AbstractTuberculosis (TB), a chronic bacterial infectious disease caused by Mycobacterium tuberculosis (Mtb), typically affects the lung and causes profound morbidity and mortality rates worldwide. Recent advances in cellular immunology emphasize the complexity of myeloid cell subsets controlling TB inflammation. The specialization of myeloid cell subsets for particular immune processes has tailored their roles in protection and pathology.
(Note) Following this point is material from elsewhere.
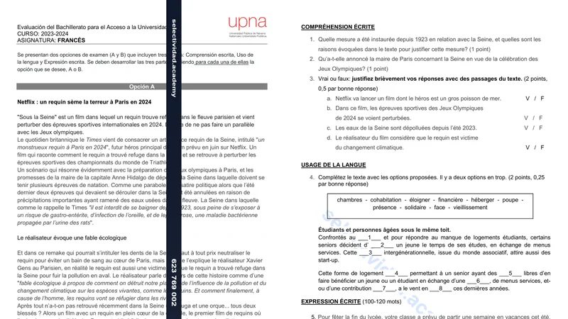 Reservar clase gratis →Examen de Francés selectividad Navarra (Extraordinaria 2024)

Among myeloid cells, dendritic cells (DCs) are essential for the induction of adaptive immunity, macrophages predominantly harbor Mtb within TB granulomas and polymorphonuclear neutrophils (PMNs) orchestrate lung damage. However, within each myeloid cell population, diverse phenotypes with unique functions are currently recognized, differentially influencing TB pneumonia and granuloma functionality. More recently, myeloid-derived suppressor cells (MDSCs) have been identified at the site of Mtb infection. Along with PMNs, MDSCs accumulate within the inflamed lung, interact with granuloma-residing cells and contribute to exuberant inflammation. In this review, we discuss the contribution of different myeloid cell subsets to inflammation in TB by highlighting their interactions with Mtb and their role in lung pathology. Uncovering the manifold nature of myeloid cells in TB pathogenesis will inform the development of future immune therapies aimed at tipping the inflammation balance to the benefit of the host.© 2015 WILEY-VCH Verlag GmbH & Co. KGaA, Weinheim.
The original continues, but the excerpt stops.